How to do TDD on a not so simple problem? Robert C. Martin has published a lesson on that tackling the Diamon-Square algorithm for terrain generation.

I think that’s a really interesting problem to consider as an exercise in software development to sharpen your skills. Today I presented it to a Clean Code training group and we had a lot of fun for a couple of hours.

Unfortunately I do not agree with how Robert C. Martin approached the solution. For one I find his statement

Don’t worry, it’s a very simple algorithm; and the linked article is extremely easy to read.

a bit misleading. It sounds as if this problem was on par with the usual code katas like „FizzBuzz“ or „WordWrap“. But in my experience it is not. It requires far more time to solve. Don’t try to cover it in a 90 minutes coding dojo with your programmer pals. You’ll give up frustrated.

But don’t worry.
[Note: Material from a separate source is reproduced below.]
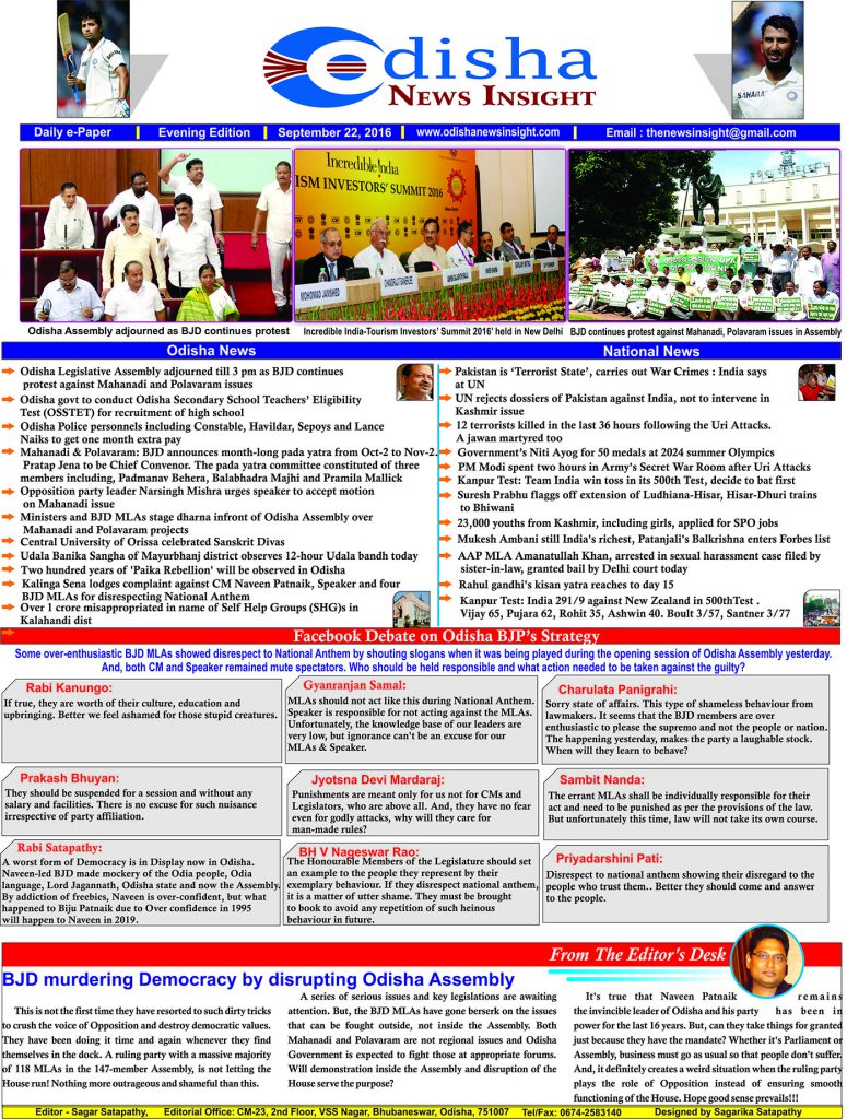Insight Daily e-Paper – September 22, 2016 e-Paper By Odisha News Insight Last updated Sep 24, 2016 4,836 Breaking NewsCurrent AffairsDaily e-PaperIndia News 4,836 Share FacebookTwitterWhatsApp

I won’t bother you with all the other reasons I don’t concur with Robert C. Martin. Instead let me just demonstrate a different perspective. If you find this an interesting contrast I will have accomplished what I want :-)


Before you can code anything, you need to understand the problem. Understanding is the result of analysis. So the first step on my way to solving the Diamond-Square problem is to analyze the requirements, to look very closely. Whatever is already there can help me make coding easier. Any misunderstanding will create detours and waste.

Unfortunately there’s no product owner to explain the requirements to me and answer my questions. I’ve to drill my own way through the „specification“ given by Wikipedia.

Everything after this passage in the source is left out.